(Records contained in a dataset)
◇ ◇ ◇ ◇ ◇
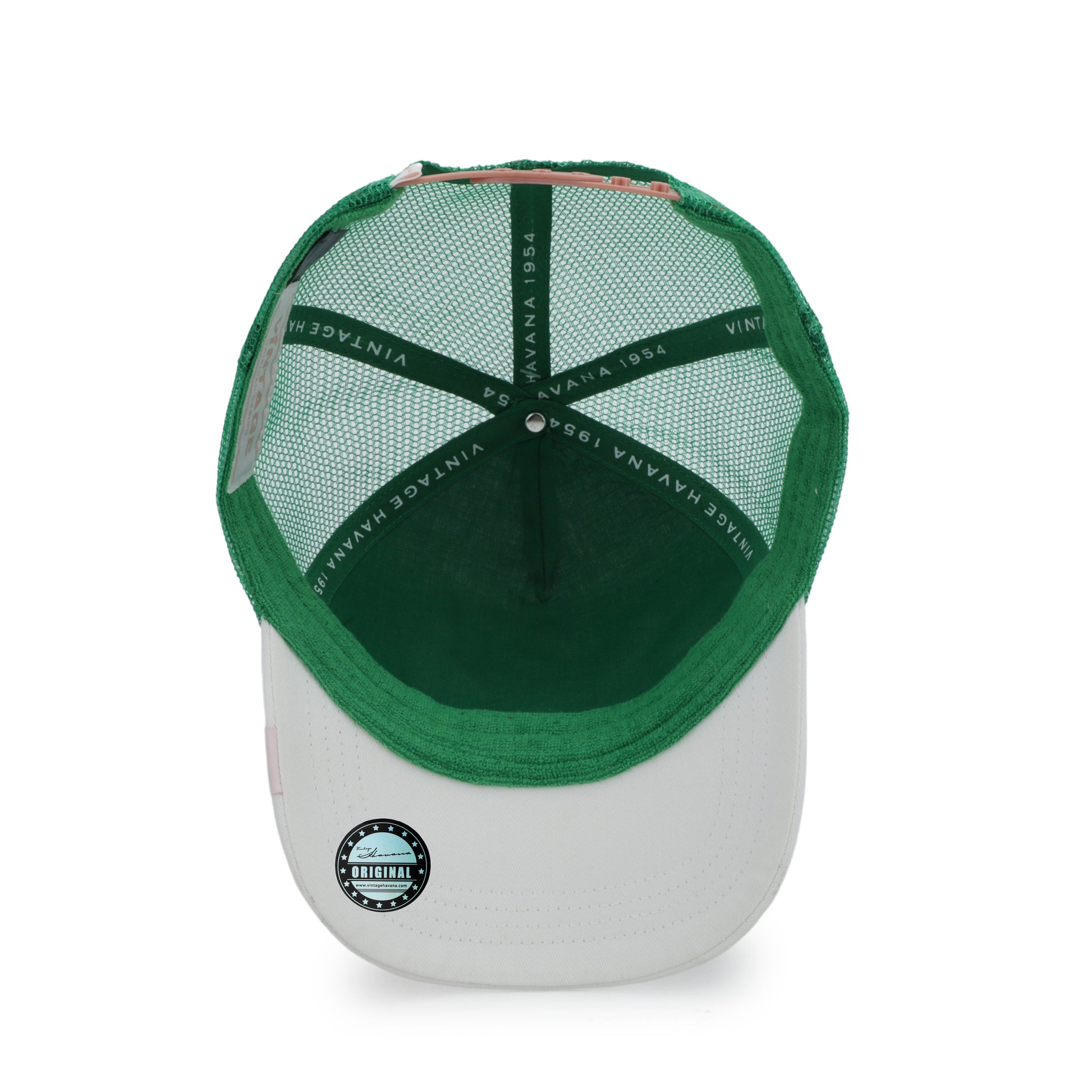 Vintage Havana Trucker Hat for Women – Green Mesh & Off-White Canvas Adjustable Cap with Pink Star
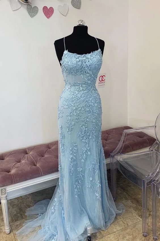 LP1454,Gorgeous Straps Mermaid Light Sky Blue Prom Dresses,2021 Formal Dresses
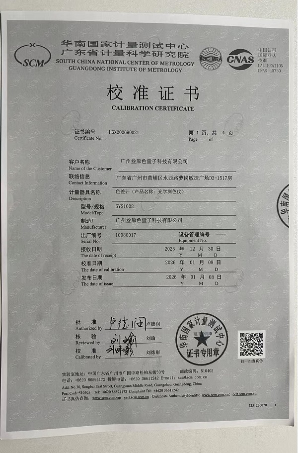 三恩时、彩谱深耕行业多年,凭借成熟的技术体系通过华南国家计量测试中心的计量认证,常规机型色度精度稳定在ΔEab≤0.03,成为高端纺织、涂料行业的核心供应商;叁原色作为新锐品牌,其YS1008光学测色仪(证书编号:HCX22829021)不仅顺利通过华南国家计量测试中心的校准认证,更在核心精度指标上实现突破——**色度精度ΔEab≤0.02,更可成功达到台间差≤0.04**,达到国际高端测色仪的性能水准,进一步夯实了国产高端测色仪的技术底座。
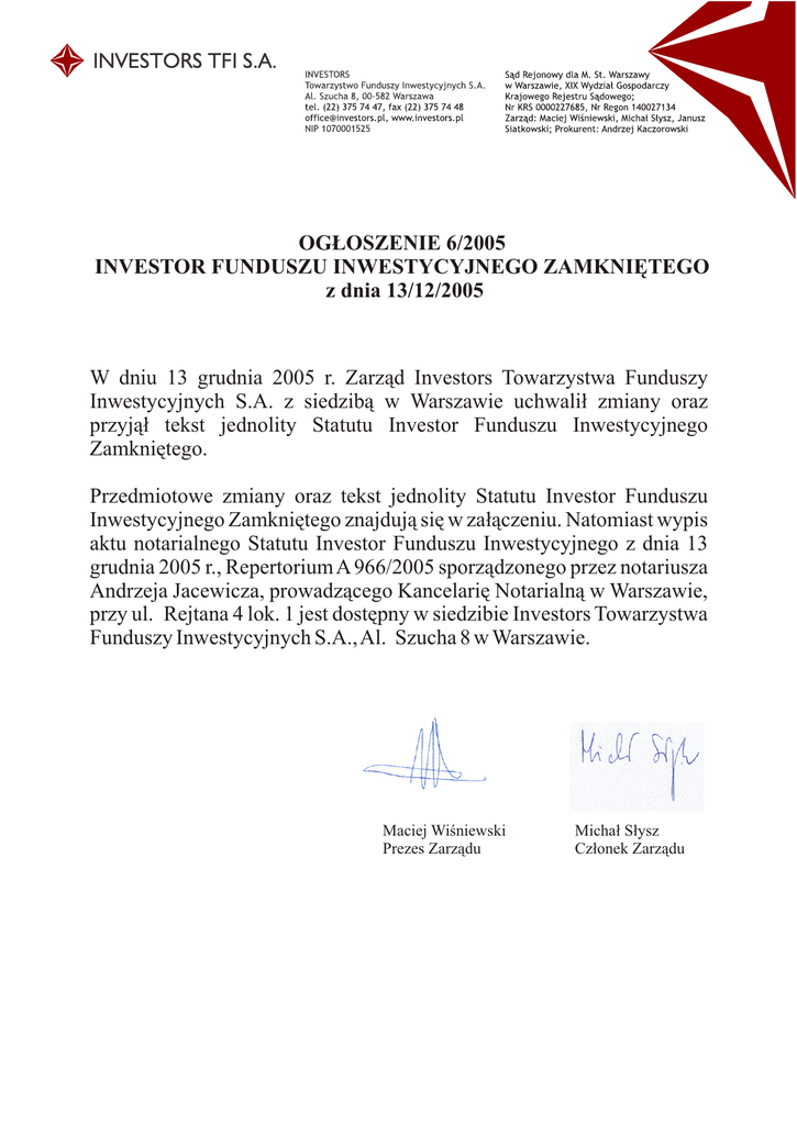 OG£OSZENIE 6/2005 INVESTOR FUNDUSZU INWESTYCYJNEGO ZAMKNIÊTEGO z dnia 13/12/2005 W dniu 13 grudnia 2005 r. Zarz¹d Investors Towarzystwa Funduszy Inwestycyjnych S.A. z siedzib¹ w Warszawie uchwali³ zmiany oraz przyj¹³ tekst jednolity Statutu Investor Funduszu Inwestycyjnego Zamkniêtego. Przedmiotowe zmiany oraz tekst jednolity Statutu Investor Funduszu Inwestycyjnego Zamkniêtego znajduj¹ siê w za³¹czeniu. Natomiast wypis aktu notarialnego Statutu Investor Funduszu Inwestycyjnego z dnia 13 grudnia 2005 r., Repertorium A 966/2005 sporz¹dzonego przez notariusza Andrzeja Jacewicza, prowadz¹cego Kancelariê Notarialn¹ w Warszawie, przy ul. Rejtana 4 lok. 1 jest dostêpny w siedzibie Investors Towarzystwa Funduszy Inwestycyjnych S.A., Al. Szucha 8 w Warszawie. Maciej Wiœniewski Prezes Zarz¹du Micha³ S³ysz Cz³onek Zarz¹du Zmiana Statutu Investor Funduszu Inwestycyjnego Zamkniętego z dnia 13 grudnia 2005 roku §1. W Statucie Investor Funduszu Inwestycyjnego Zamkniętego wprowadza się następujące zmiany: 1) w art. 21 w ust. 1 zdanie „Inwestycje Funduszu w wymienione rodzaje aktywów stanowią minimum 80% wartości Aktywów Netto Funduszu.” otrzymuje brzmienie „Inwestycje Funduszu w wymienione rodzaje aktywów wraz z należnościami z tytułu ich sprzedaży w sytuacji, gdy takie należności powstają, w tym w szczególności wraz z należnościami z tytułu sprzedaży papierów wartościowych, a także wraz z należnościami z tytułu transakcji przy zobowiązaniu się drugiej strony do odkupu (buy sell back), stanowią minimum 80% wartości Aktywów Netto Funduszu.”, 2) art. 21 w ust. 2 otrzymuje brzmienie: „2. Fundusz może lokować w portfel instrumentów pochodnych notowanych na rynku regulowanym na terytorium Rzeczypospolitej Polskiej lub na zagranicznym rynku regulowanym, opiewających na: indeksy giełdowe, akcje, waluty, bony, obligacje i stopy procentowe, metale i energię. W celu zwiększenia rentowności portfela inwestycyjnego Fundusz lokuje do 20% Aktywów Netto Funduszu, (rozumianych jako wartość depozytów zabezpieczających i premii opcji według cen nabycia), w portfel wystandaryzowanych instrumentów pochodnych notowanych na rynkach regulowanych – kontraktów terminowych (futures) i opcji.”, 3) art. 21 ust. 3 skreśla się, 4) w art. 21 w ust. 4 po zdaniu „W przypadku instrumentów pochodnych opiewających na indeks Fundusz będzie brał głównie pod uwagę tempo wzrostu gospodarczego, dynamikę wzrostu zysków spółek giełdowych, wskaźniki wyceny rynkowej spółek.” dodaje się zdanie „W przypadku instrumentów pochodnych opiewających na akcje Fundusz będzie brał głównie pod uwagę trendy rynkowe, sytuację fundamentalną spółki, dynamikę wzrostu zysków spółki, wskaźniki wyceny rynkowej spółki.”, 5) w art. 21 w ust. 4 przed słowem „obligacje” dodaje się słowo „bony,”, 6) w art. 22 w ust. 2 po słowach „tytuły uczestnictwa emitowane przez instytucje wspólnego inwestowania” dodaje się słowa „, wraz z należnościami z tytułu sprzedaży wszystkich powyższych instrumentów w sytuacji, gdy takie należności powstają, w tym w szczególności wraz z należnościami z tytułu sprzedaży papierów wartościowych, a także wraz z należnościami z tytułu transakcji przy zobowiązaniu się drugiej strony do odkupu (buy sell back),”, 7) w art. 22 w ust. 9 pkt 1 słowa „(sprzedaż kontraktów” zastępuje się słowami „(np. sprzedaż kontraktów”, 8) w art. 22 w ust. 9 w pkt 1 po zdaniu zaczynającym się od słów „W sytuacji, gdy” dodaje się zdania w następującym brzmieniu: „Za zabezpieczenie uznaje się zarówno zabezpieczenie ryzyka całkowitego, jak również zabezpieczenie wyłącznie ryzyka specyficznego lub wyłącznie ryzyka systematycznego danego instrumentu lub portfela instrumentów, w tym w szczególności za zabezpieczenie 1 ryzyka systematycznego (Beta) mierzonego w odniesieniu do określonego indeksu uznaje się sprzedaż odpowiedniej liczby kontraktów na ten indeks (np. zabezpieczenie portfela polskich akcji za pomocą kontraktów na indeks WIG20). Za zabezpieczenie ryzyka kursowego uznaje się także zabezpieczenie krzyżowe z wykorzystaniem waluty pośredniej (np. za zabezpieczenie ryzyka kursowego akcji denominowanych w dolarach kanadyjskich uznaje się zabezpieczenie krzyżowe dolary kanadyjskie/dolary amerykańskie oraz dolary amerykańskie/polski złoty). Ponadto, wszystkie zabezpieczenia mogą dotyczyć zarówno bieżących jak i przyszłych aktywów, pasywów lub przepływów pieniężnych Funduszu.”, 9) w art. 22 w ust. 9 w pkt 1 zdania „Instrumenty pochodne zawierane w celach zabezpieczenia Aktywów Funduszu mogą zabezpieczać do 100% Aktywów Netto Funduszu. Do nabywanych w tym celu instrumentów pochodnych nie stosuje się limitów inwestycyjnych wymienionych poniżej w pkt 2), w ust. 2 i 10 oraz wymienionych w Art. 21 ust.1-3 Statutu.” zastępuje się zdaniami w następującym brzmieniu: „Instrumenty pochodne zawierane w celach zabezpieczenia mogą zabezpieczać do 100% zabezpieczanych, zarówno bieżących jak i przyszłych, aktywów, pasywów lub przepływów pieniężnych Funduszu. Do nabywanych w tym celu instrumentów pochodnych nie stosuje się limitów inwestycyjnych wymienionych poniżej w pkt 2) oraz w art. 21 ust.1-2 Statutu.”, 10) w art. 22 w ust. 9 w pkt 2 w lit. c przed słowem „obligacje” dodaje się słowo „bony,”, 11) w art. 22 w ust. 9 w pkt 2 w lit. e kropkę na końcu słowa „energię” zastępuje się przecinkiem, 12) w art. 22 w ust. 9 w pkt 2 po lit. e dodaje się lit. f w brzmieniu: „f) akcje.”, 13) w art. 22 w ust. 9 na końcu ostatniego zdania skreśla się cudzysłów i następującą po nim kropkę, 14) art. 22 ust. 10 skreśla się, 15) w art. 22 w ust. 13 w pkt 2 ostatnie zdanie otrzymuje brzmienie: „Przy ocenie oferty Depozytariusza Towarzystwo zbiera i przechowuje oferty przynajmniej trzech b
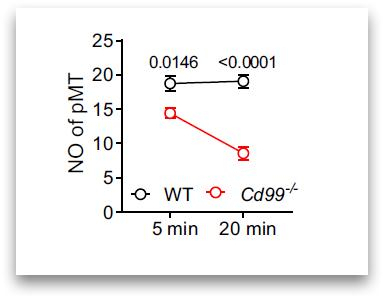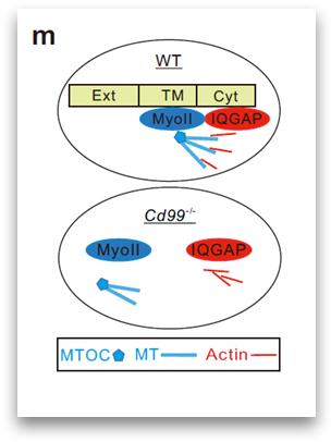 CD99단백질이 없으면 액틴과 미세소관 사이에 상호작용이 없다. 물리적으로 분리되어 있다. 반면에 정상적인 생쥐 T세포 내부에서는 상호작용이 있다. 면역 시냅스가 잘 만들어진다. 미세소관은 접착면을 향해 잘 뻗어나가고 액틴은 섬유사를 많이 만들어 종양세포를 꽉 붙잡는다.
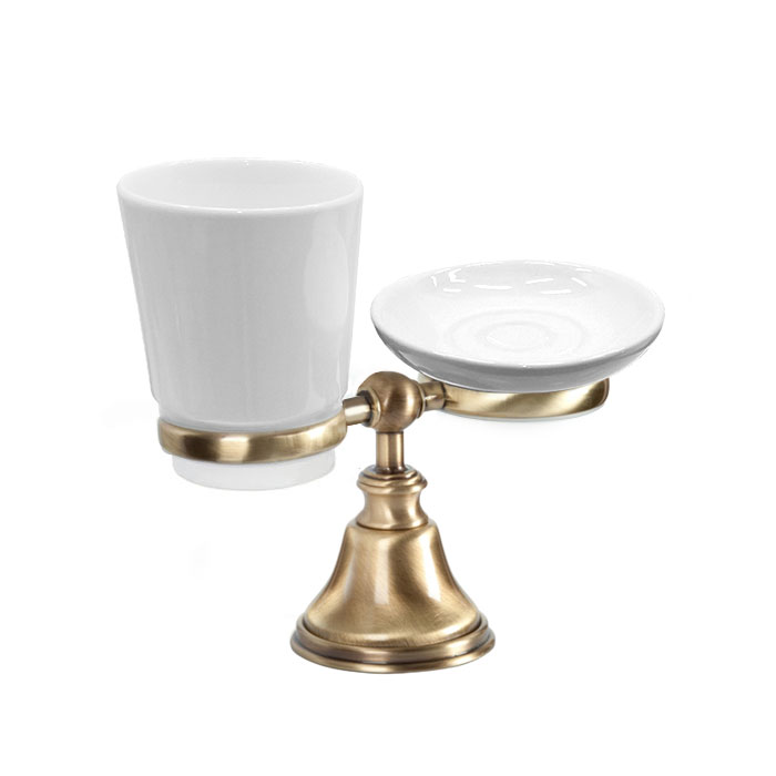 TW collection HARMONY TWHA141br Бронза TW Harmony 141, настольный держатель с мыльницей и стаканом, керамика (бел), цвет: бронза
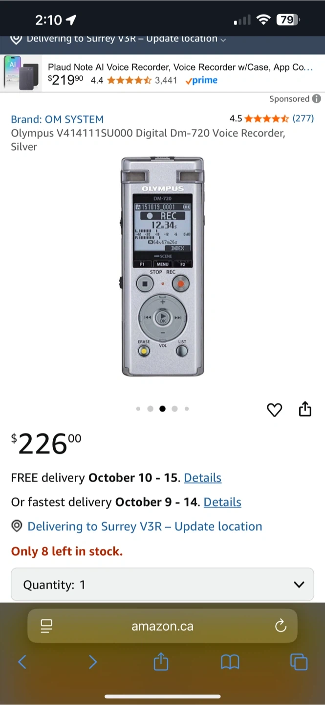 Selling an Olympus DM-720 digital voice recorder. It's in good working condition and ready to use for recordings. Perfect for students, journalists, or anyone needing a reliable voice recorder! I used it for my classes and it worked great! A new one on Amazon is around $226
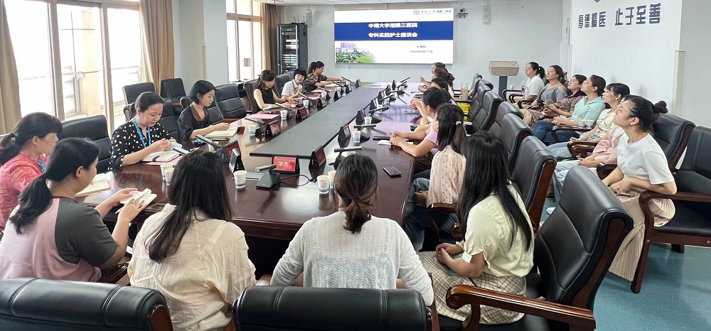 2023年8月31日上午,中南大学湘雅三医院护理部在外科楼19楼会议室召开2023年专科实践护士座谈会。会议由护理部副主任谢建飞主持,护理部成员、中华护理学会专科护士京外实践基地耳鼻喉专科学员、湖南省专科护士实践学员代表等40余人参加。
◇ ◇ ◇ ◇ ◇
#### [Aim of the exercise]
Begin at the line containing "CD99단백질이 없으면 액틴과" and write out every line to the end of the data exactly. Skip the pictures.

#### [Reply to the task]
 CD99단백질이 없으면 액틴과 미세소관 사이에 상호작용이 없다. 물리적으로 분리되어 있다. 반면에 정상적인 생쥐 T세포 내부에서는 상호작용이 있다. 면역 시냅스가 잘 만들어진다. 미세소관은 접착면을 향해 잘 뻗어나가고 액틴은 섬유사를 많이 만들어 종양세포를 꽉 붙잡는다.
 TW collection HARMONY TWHA141br Бронза TW Harmony 141, настольный держатель с мыльницей и стаканом, керамика (бел), цвет: бронза
 Selling an Olympus DM-720 digital voice recorder. It's in good working condition and ready to use for recordings. Perfect for students, journalists, or anyone needing a reliable voice recorder! I used it for my classes and it worked great! A new one on Amazon is around $226
 2023年8月31日上午,中南大学湘雅三医院护理部在外科楼19楼会议室召开2023年专科实践护士座谈会。会议由护理部副主任谢建飞主持,护理部成员、中华护理学会专科护士京外实践基地耳鼻喉专科学员、湖南省专科护士实践学员代表等40余人参加。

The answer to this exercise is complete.